PROVIDED DATA Block Start

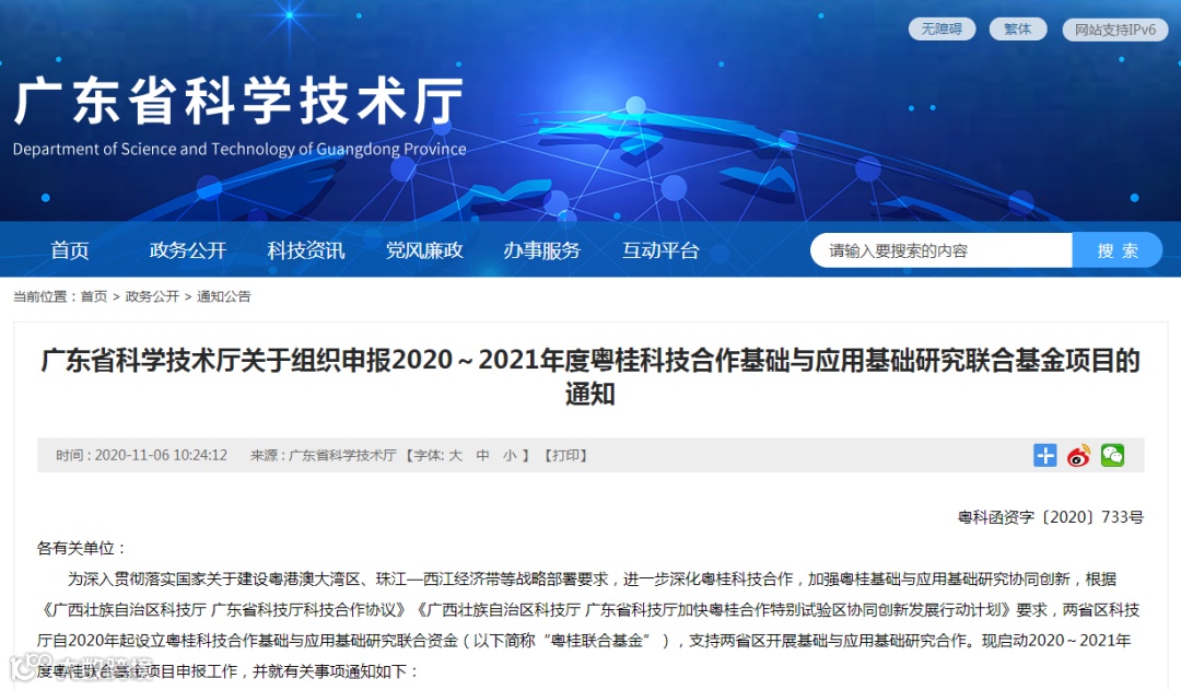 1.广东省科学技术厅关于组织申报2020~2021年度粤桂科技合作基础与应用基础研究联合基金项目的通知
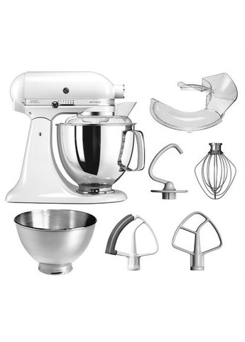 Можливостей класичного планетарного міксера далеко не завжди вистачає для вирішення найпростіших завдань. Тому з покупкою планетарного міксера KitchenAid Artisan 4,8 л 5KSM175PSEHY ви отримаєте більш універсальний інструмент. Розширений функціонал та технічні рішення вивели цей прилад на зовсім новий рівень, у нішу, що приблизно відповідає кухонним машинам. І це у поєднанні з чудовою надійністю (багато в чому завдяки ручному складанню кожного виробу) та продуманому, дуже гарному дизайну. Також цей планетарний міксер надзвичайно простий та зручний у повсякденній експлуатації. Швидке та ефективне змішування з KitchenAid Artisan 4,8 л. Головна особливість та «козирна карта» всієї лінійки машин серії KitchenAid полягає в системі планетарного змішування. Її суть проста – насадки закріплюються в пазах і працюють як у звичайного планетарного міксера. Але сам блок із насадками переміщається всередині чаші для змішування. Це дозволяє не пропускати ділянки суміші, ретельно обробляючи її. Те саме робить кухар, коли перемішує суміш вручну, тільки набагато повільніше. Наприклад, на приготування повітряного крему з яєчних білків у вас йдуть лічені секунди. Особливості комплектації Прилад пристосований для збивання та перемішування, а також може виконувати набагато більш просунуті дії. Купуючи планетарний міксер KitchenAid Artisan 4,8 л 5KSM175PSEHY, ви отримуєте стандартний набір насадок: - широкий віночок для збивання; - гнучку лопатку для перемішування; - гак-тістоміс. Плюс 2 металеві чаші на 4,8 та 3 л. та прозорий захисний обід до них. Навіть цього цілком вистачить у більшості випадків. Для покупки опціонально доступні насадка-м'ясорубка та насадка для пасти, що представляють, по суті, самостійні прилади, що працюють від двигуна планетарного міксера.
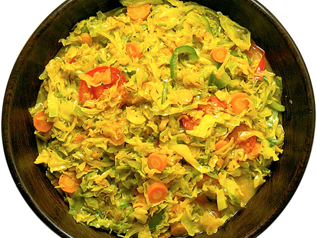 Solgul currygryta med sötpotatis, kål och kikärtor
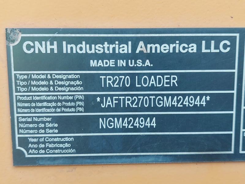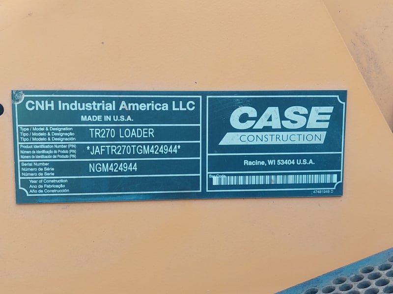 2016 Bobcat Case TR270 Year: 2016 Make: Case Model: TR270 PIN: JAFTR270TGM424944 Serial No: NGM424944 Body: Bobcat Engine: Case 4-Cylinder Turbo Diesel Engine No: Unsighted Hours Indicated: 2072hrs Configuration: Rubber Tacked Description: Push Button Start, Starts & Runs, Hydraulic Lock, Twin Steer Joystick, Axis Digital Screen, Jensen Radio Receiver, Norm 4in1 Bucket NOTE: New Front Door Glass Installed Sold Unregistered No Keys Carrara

PROVIDED DATA Block End
PROVIDED DATA Block Start

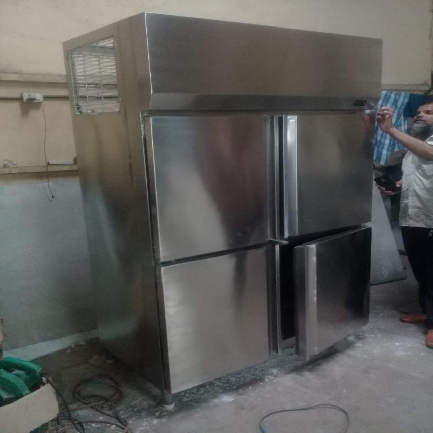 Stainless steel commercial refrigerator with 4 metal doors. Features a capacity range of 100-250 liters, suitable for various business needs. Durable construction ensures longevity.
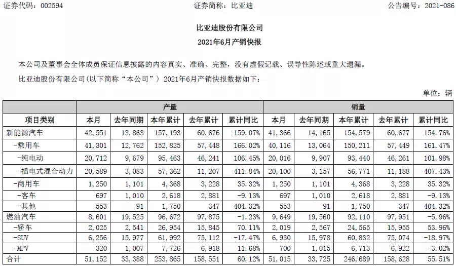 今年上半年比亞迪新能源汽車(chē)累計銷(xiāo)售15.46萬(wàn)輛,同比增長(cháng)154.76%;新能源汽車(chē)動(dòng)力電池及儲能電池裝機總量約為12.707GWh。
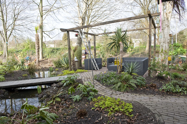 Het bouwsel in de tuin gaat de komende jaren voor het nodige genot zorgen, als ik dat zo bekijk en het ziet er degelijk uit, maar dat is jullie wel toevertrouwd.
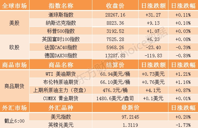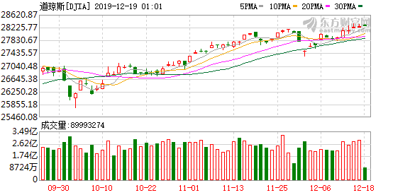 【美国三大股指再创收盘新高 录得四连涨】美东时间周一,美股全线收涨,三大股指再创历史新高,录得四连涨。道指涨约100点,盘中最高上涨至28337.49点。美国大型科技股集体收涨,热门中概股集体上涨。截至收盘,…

PROVIDED DATA Block End

> _YOUR INSTRUCTIONS_:
Within the material above, find the part that opens with the line containing "Solgul currygryta med" and closes with the line containing "2016 Bobcat Case", and reproduce it exactly without the pictures.

> _FINAL ANSWER_:
 Solgul currygryta med sötpotatis, kål och kikärtor
 2016 Bobcat Case TR270 Year: 2016 Make: Case Model: TR270 PIN: JAFTR270TGM424944 Serial No: NGM424944 Body: Bobcat Engine: Case 4-Cylinder Turbo Diesel Engine No: Unsighted Hours Indicated: 2072hrs Configuration: Rubber Tacked Description: Push Button Start, Starts & Runs, Hydraulic Lock, Twin Steer Joystick, Axis Digital Screen, Jensen Radio Receiver, Norm 4in1 Bucket NOTE: New Front Door Glass Installed Sold Unregistered No Keys Carrara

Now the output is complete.